▶ _Input for this task_
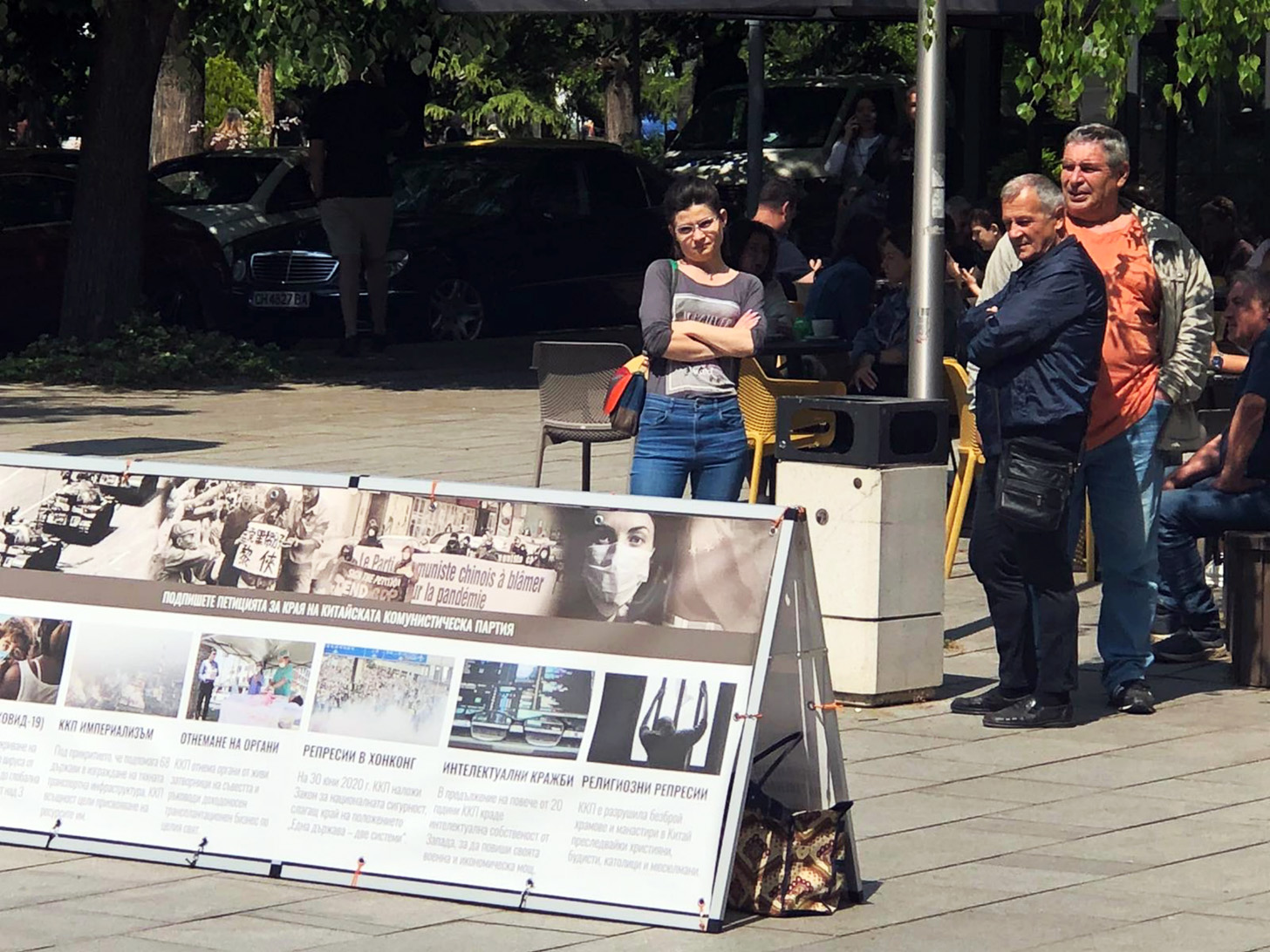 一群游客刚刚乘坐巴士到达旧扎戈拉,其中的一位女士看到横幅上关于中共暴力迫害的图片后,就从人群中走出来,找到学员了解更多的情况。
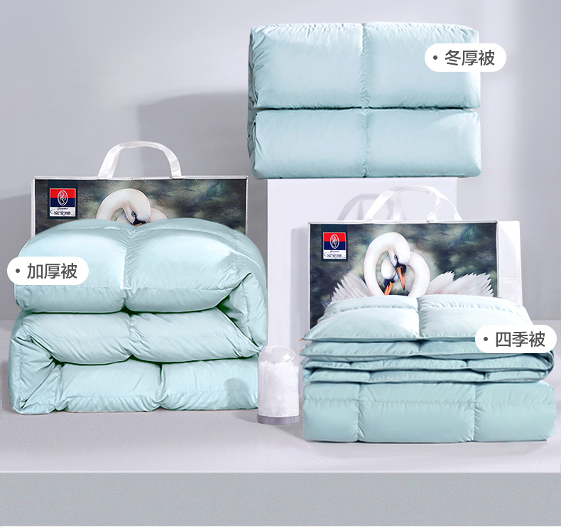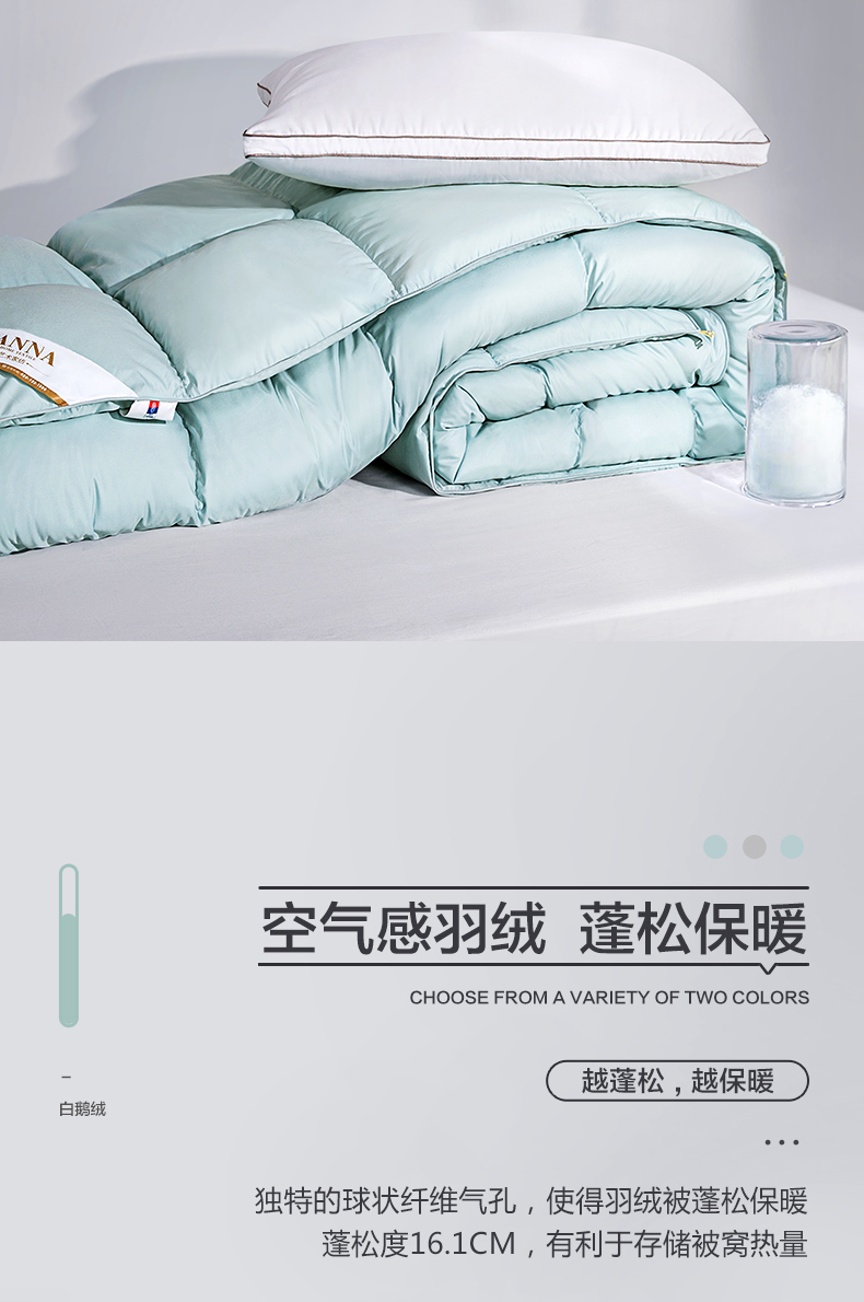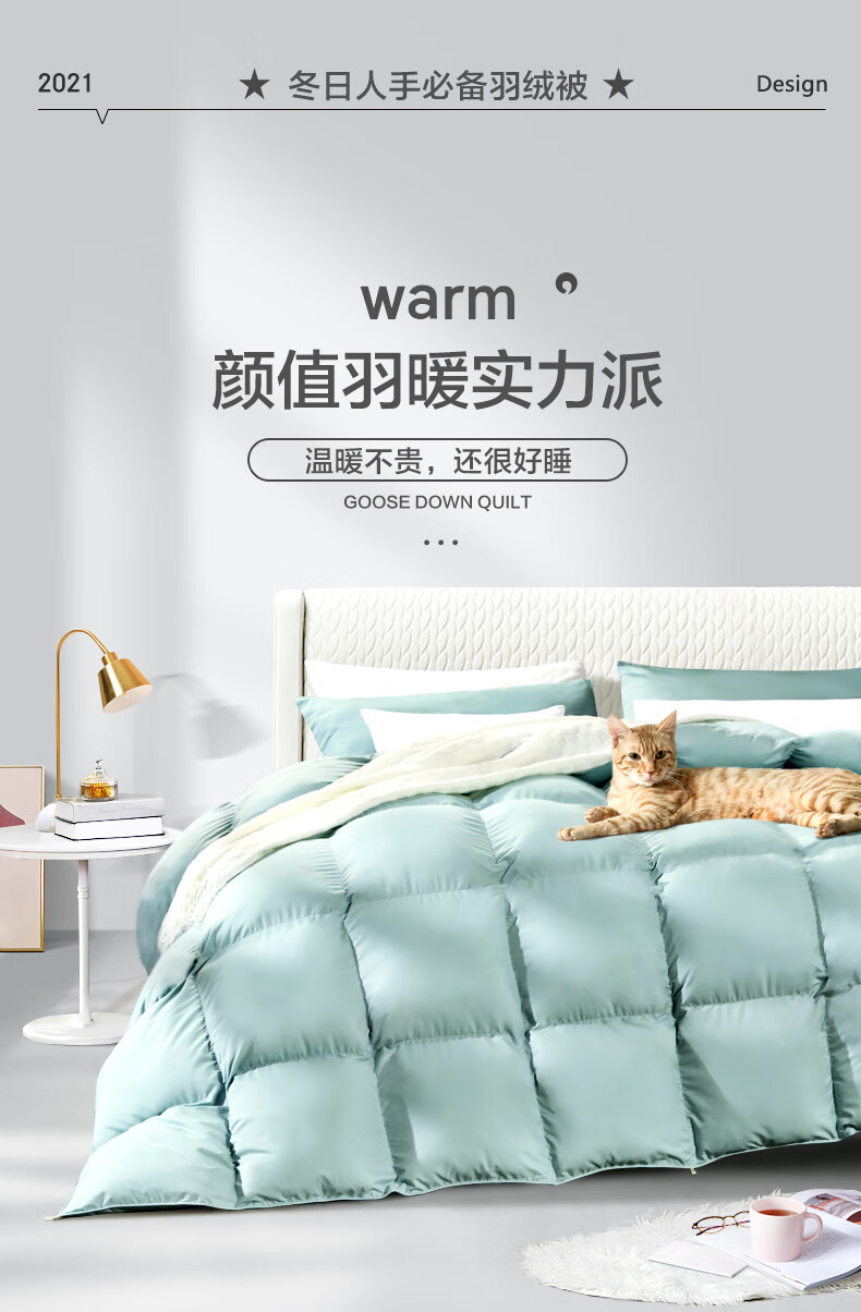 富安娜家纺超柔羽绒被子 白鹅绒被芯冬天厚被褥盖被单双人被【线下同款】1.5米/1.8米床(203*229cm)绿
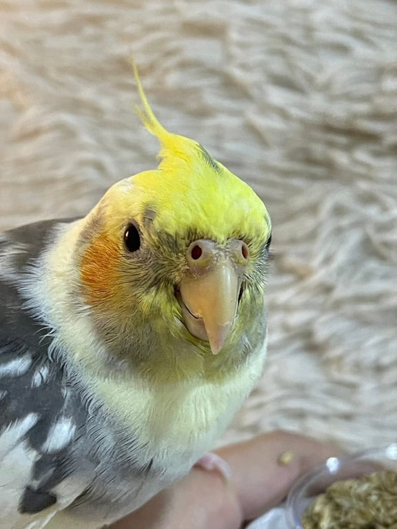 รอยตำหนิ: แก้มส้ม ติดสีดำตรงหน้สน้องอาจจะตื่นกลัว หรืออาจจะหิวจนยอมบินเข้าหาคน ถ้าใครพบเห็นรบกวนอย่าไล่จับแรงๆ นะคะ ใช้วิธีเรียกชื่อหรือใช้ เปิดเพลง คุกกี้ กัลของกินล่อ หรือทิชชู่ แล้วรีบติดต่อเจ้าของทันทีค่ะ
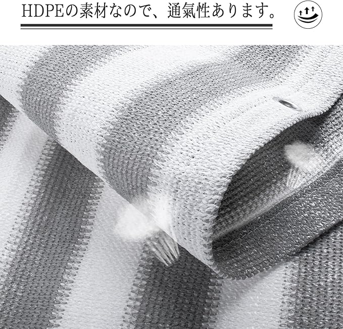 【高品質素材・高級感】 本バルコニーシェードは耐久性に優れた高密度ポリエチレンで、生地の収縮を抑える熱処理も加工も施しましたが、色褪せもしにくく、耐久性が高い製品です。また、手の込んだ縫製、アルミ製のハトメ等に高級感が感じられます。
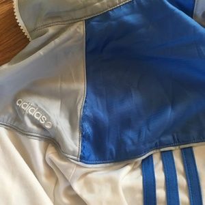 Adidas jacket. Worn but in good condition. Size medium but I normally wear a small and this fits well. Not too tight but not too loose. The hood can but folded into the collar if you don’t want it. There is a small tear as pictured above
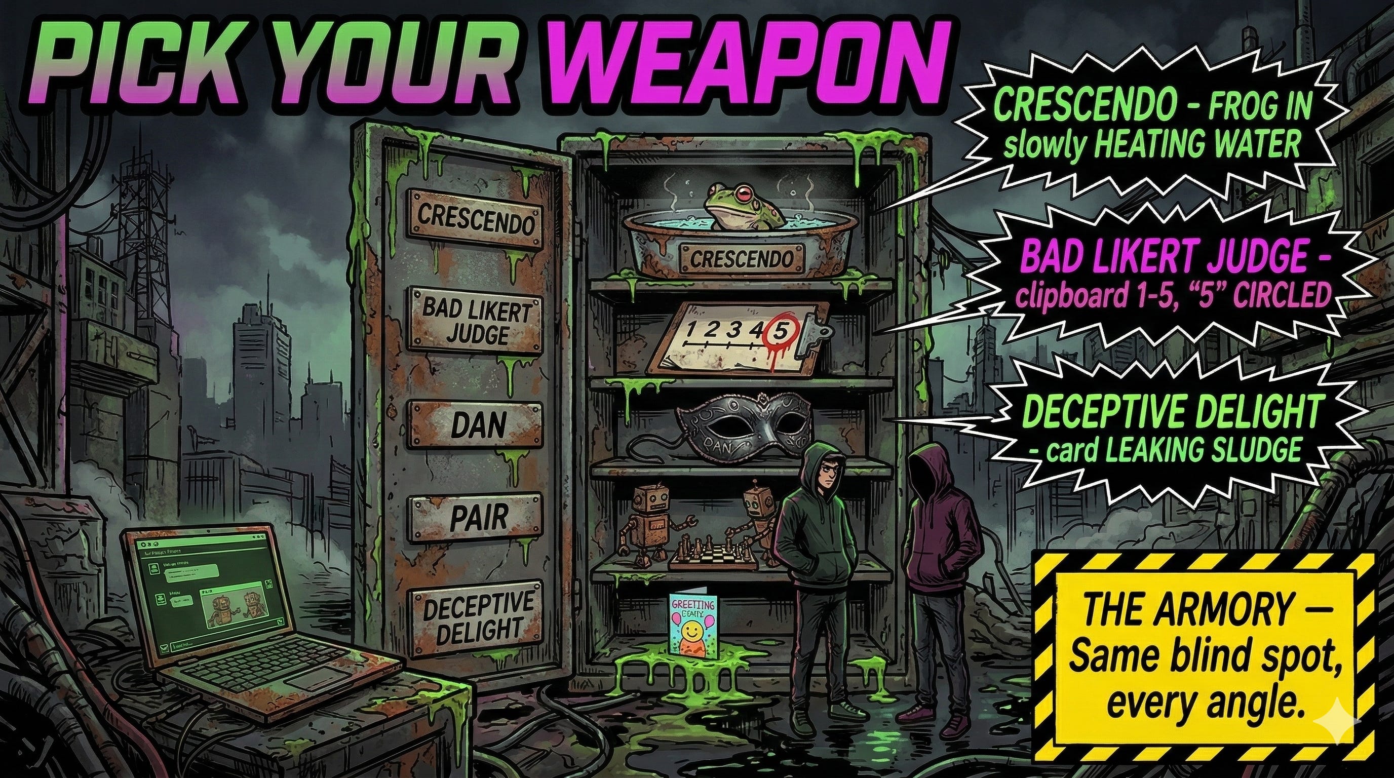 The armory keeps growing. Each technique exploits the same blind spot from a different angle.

▶ _Instructions for the task_
Retype, word for word, the lines from the one with "富安娜家纺超柔羽绒被子 白鹅" through the last line of the entries above, and only those lines. Leave pictures out.

▶ _Solution_
 富安娜家纺超柔羽绒被子 白鹅绒被芯冬天厚被褥盖被单双人被【线下同款】1.5米/1.8米床(203*229cm)绿
 รอยตำหนิ: แก้มส้ม ติดสีดำตรงหน้สน้องอาจจะตื่นกลัว หรืออาจจะหิวจนยอมบินเข้าหาคน ถ้าใครพบเห็นรบกวนอย่าไล่จับแรงๆ นะคะ ใช้วิธีเรียกชื่อหรือใช้ เปิดเพลง คุกกี้ กัลของกินล่อ หรือทิชชู่ แล้วรีบติดต่อเจ้าของทันทีค่ะ
 【高品質素材・高級感】 本バルコニーシェードは耐久性に優れた高密度ポリエチレンで、生地の収縮を抑える熱処理も加工も施しましたが、色褪せもしにくく、耐久性が高い製品です。また、手の込んだ縫製、アルミ製のハトメ等に高級感が感じられます。
 Adidas jacket. Worn but in good condition. Size medium but I normally wear a small and this fits well. Not too tight but not too loose. The hood can but folded into the collar if you don’t want it. There is a small tear as pictured above
 The armory keeps growing. Each technique exploits the same blind spot from a different angle.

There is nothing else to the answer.